> _Instructions for the task_:
Every record below must be retyped exactly, with the pictures left out.

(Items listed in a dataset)
-------
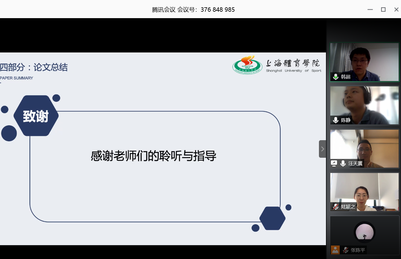 受新冠疫情的影响,本次答辩全部采用线上视频会议的形式进行。为保障线上答辩有序进行,根据研究生处制定的《关于调整2020年上半年红足一1世毕业硕士研究生学位论文答辩工作的通知》以及《上海体育学院硕士研究生学位论文答辩会程序(2020版)》,心理学院结合本院的实际情况制定了详细的答辩工作方案,并在答辩前进行模拟预演,确保答辩的流畅性、答辩学生能够熟练操作以及PPT共享、麦克风、摄像头、录屏等功能的正常运行,答辩后,配合相关职能部门做好答辩材料的提交和归档等工作。
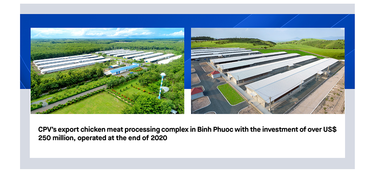 While, for the foreign enterprise – C.P. Vietnam Livestock Co., Ltd was ranked on the top with highest investment capital into agriculture. Mr. Montri Suwanposri – CEO of C.P. Vietnam Livestock Co., Ltd (CPV) unveiled that: Currently, CPV has 12 feed plants with a total capacity of 4.2 million tons/year. CPV has 2 seafood processing plants, 3 meat processing plants. At the end of 2020, Export Chicken Processing Plant Complex was inaugurated in Binh Phuoc. The Complex was invested with over US$ 250 million, having a maximum capacity of 100 million units/year, the biggest scale in Southeast Asia… In addition to the available plants, CPV’s investment was injected into swine slaughtering and cutting plants located at Phu Nghia, Hanoi to reduce intermediary phases, facilitating swine price reduction.
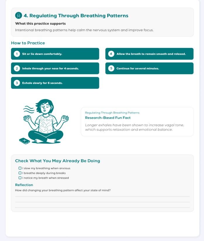 - Regulating Through Breathing Patterns: Uses intentional breath ratios (4-second inhale, 6-second exhale)
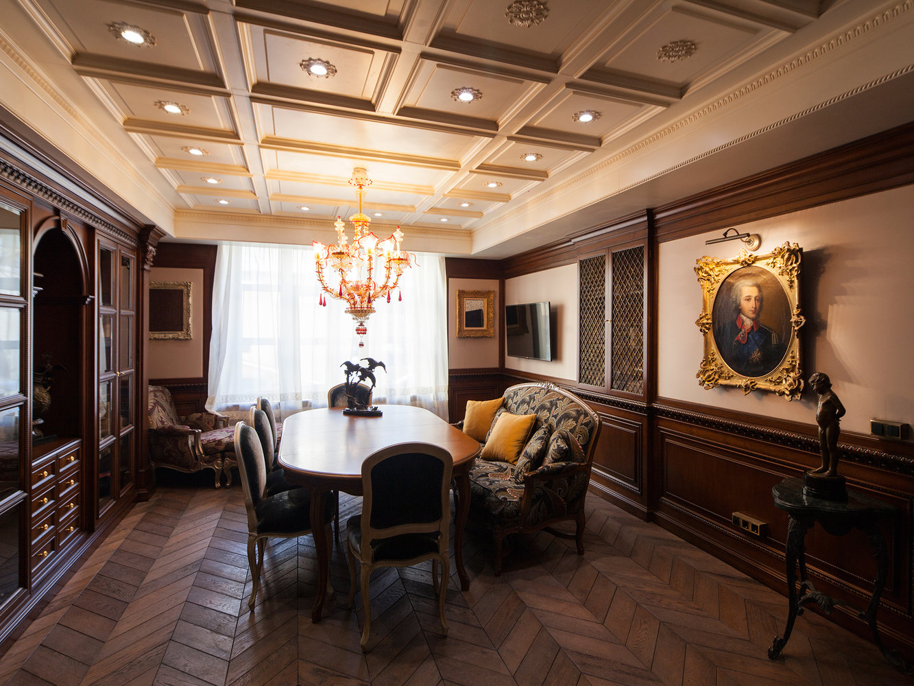 Умиротворённая аристократическая обстановка не может утомить или надоесть, её освежают и разбавляют новыми экспериментами. Оформление обернётся существенными финансовыми затратами, но это сторицей окупится актуальностью и длительной эксплуатацией вещей.
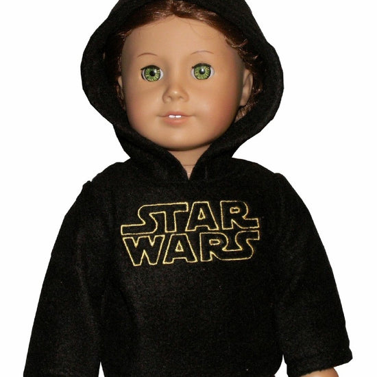 Dress your 18" doll in galactic style with this black Star Wars hoodie! Featuring iconic embroidery that any fan will love, this cozy layer brings adventure to doll playtime. The genius back-opening design makes dressing your doll a breeze—no wrestling with tiny arms required. Perfect for collectors and kids who want their dolls ready for any mission across the galaxy.
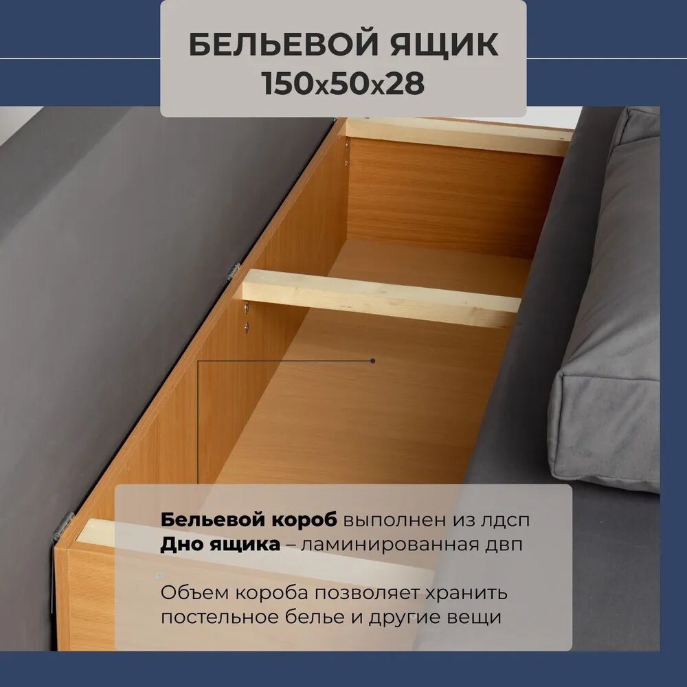 | Особенности | антивандальная обивка, без подлокотников, раскладная конструкция, съемные подушки, ящик для белья |
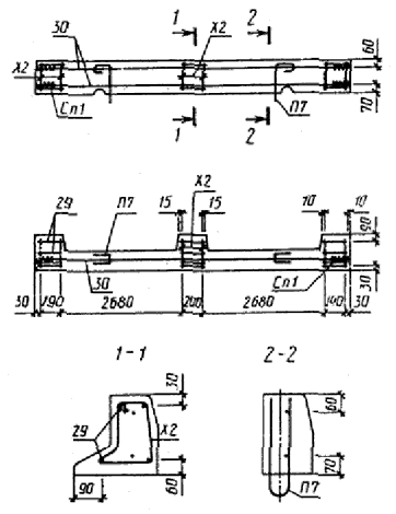 2. Армирование камней длиной 3,0 м приведено на черт. 26 и 27; детали армирования приведены на черт. 28 - 32 и в табл. 13.
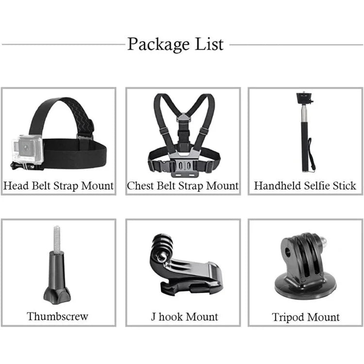 - 6-in-1 Kit: This kit includes essential accessories like a chest strap, head strap, and selfie stick for a complete action camera setup
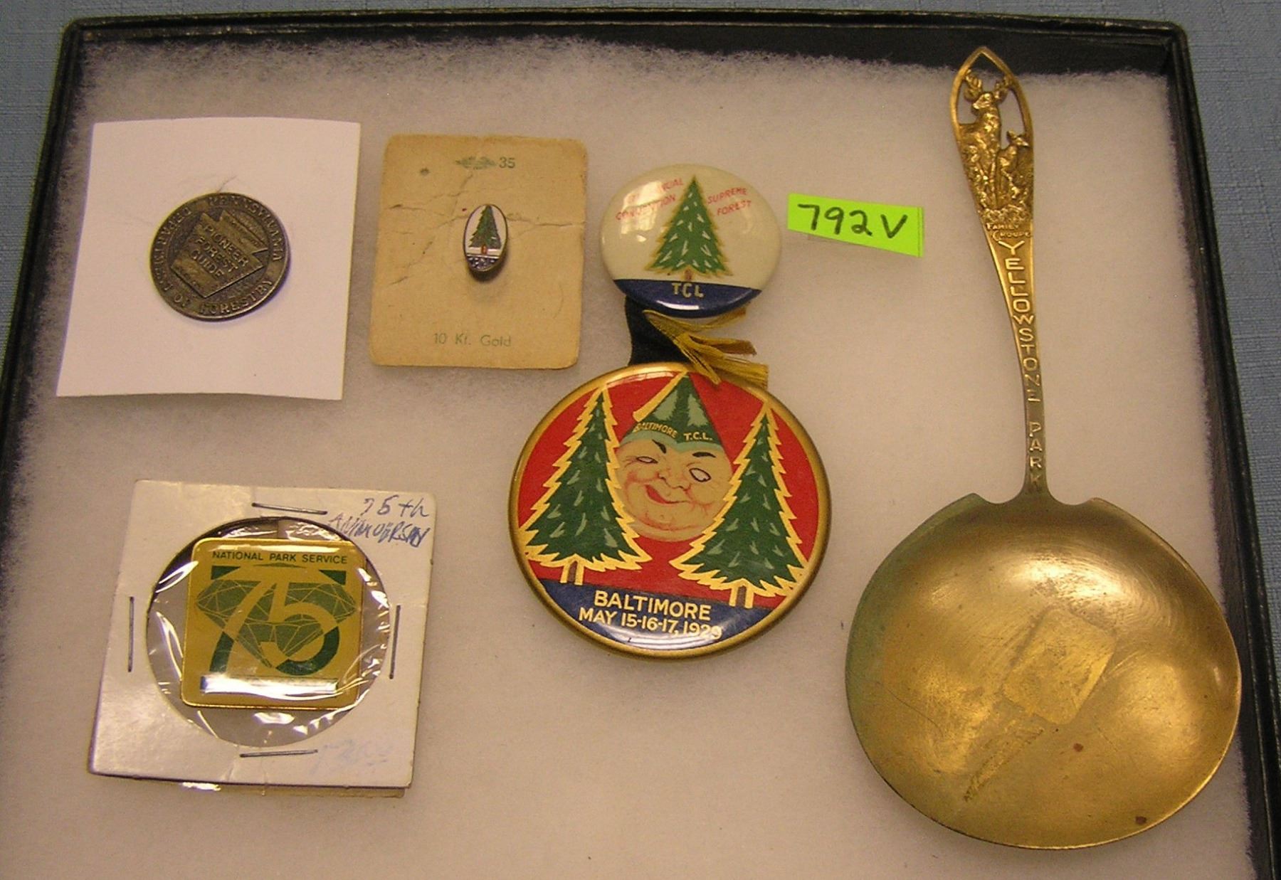 Group of early forestry collectibles includes PA pioneer forest guide badge by Whitehead and Hogg, enameled and 10 krt gold pin on card Baltimore forest convention badge 1929 yellow stone park souvenir oversized spoon and more. est. value $200.00-$250.00
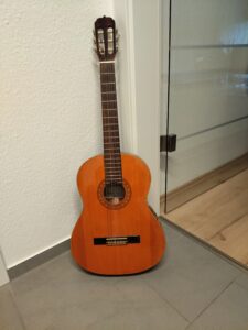 Gitarre an Selbstabholer abzugeben, mit Fußstütze
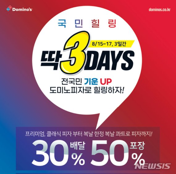 [서울=뉴시스] 김동현 기자 = 도미노피자는 광복절 연휴를 맞아 '국민힐링 딱 쓰리 데이즈' 프로모션을 진행한다고 13일 밝혔다.
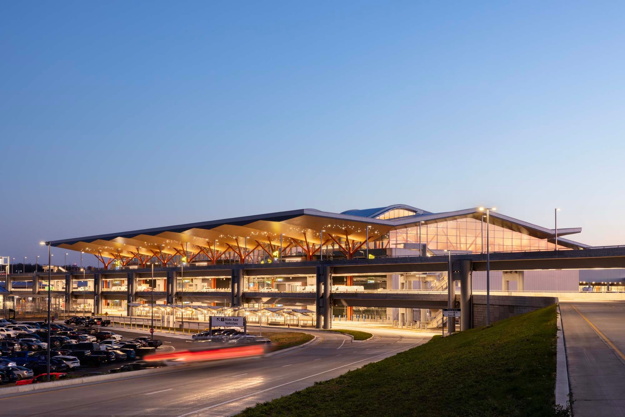 Their new $1.7-billion, 811,000-square-foot landside terminal, which opened late last year, focuses primarily on clarity, comfort, and civic presence—making it closer to a public building than a piece of airline infrastructure. Designed by Gensler and HDR in association with Luis Vidal + Architects (which also renovated the existing airside building with Michael Baker International), the terminal consolidates ticketing, security, baggage claim, international arrivals, and ground transportation into a single, three-level structure directly attached to the existing concourses—eliminating the old terminal and its half-mile people mover.
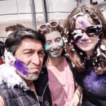 Lunch was so good. We ate at a delicious restaurant in the old town and indulged in another traditional meal of sausage (or veggie sausage), potato pancakes (llapingachos), eggs and vegetables. We enjoyed a delicious, refreshing lime drink with our meal and then headed out to continue exploring el centro histórico. We were met outside by the locals celebrating Carnaval and a variety of celebratory traditions including face fulls of dyed flour and spritzes of foamy soap. We had a great time moving through the city and almost all of us had faces full of purple, blue, and red as well as soapy clothes by the time we arrived at the chocolateria.
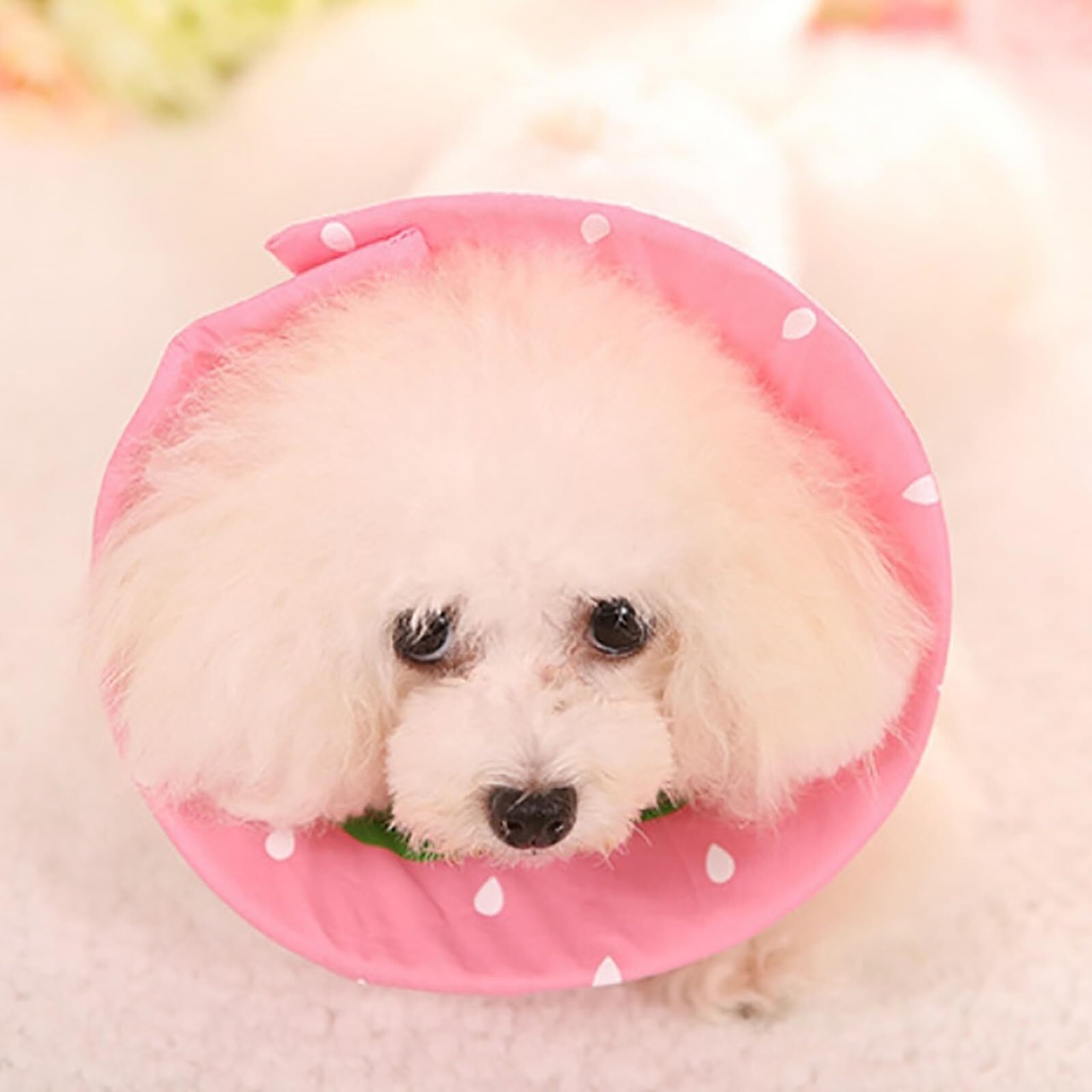 Dollionエリザベスカラー 猫 犬 術後ケア 傷舐め防止 柔らかい 布製 超軽量 通気性保護首輪 小型犬用猫用宠物 (いちご, M)
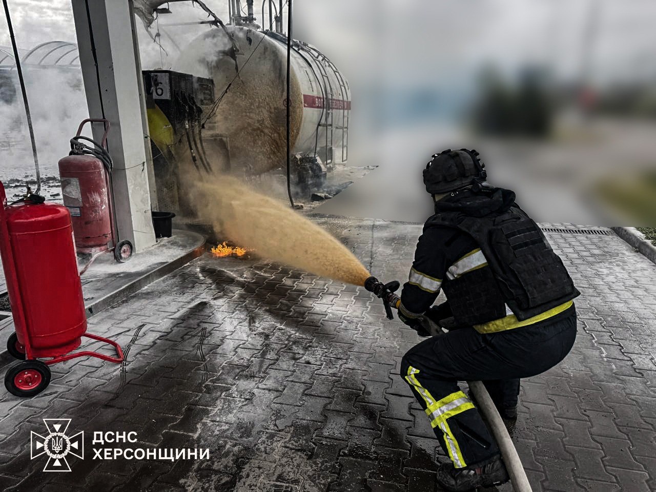 російський дрон сьогодні зранку атакував АЗС у Херсоні. Про це повідомляє ДСНС України на своєму телеграм-каналі.
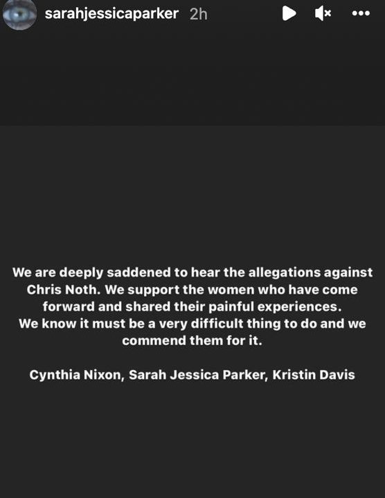 En una publicación en sus historias de Instagram, las actrices Sarah Jessica Parker, Kristin Davis y Cynthia Nixon dijeron encontrarse “profundamente entristecidas al oír las acusaciones contra Chris Noth. Apoyamos a las mujeres que han expuesto el caso y compartido sus lamentables experiencias. Sabemos que revelar algo así es muy difícil y las alabamos por ello”.
-------
> _Solution to the exercise_:
 受新冠疫情的影响,本次答辩全部采用线上视频会议的形式进行。为保障线上答辩有序进行,根据研究生处制定的《关于调整2020年上半年红足一1世毕业硕士研究生学位论文答辩工作的通知》以及《上海体育学院硕士研究生学位论文答辩会程序(2020版)》,心理学院结合本院的实际情况制定了详细的答辩工作方案,并在答辩前进行模拟预演,确保答辩的流畅性、答辩学生能够熟练操作以及PPT共享、麦克风、摄像头、录屏等功能的正常运行,答辩后,配合相关职能部门做好答辩材料的提交和归档等工作。
 While, for the foreign enterprise – C.P. Vietnam Livestock Co., Ltd was ranked on the top with highest investment capital into agriculture. Mr. Montri Suwanposri – CEO of C.P. Vietnam Livestock Co., Ltd (CPV) unveiled that: Currently, CPV has 12 feed plants with a total capacity of 4.2 million tons/year. CPV has 2 seafood processing plants, 3 meat processing plants. At the end of 2020, Export Chicken Processing Plant Complex was inaugurated in Binh Phuoc. The Complex was invested with over US$ 250 million, having a maximum capacity of 100 million units/year, the biggest scale in Southeast Asia… In addition to the available plants, CPV’s investment was injected into swine slaughtering and cutting plants located at Phu Nghia, Hanoi to reduce intermediary phases, facilitating swine price reduction.
 - Regulating Through Breathing Patterns: Uses intentional breath ratios (4-second inhale, 6-second exhale)
 Умиротворённая аристократическая обстановка не может утомить или надоесть, её освежают и разбавляют новыми экспериментами. Оформление обернётся существенными финансовыми затратами, но это сторицей окупится актуальностью и длительной эксплуатацией вещей.
 Dress your 18" doll in galactic style with this black Star Wars hoodie! Featuring iconic embroidery that any fan will love, this cozy layer brings adventure to doll playtime. The genius back-opening design makes dressing your doll a breeze—no wrestling with tiny arms required. Perfect for collectors and kids who want their dolls ready for any mission across the galaxy.
 | Особенности | антивандальная обивка, без подлокотников, раскладная конструкция, съемные подушки, ящик для белья |
 2. Армирование камней длиной 3,0 м приведено на черт. 26 и 27; детали армирования приведены на черт. 28 - 32 и в табл. 13.
 - 6-in-1 Kit: This kit includes essential accessories like a chest strap, head strap, and selfie stick for a complete action camera setup
 Group of early forestry collectibles includes PA pioneer forest guide badge by Whitehead and Hogg, enameled and 10 krt gold pin on card Baltimore forest convention badge 1929 yellow stone park souvenir oversized spoon and more. est. value $200.00-$250.00
 Gitarre an Selbstabholer abzugeben, mit Fußstütze
 [서울=뉴시스] 김동현 기자 = 도미노피자는 광복절 연휴를 맞아 '국민힐링 딱 쓰리 데이즈' 프로모션을 진행한다고 13일 밝혔다.
 Their new $1.7-billion, 811,000-square-foot landside terminal, which opened late last year, focuses primarily on clarity, comfort, and civic presence—making it closer to a public building than a piece of airline infrastructure. Designed by Gensler and HDR in association with Luis Vidal + Architects (which also renovated the existing airside building with Michael Baker International), the terminal consolidates ticketing, security, baggage claim, international arrivals, and ground transportation into a single, three-level structure directly attached to the existing concourses—eliminating the old terminal and its half-mile people mover.
 Lunch was so good. We ate at a delicious restaurant in the old town and indulged in another traditional meal of sausage (or veggie sausage), potato pancakes (llapingachos), eggs and vegetables. We enjoyed a delicious, refreshing lime drink with our meal and then headed out to continue exploring el centro histórico. We were met outside by the locals celebrating Carnaval and a variety of celebratory traditions including face fulls of dyed flour and spritzes of foamy soap. We had a great time moving through the city and almost all of us had faces full of purple, blue, and red as well as soapy clothes by the time we arrived at the chocolateria.
 Dollionエリザベスカラー 猫 犬 術後ケア 傷舐め防止 柔らかい 布製 超軽量 通気性保護首輪 小型犬用猫用宠物 (いちご, M)
 російський дрон сьогодні зранку атакував АЗС у Херсоні. Про це повідомляє ДСНС України на своєму телеграм-каналі.
 En una publicación en sus historias de Instagram, las actrices Sarah Jessica Parker, Kristin Davis y Cynthia Nixon dijeron encontrarse “profundamente entristecidas al oír las acusaciones contra Chris Noth. Apoyamos a las mujeres que han expuesto el caso y compartido sus lamentables experiencias. Sabemos que revelar algo así es muy difícil y las alabamos por ello”.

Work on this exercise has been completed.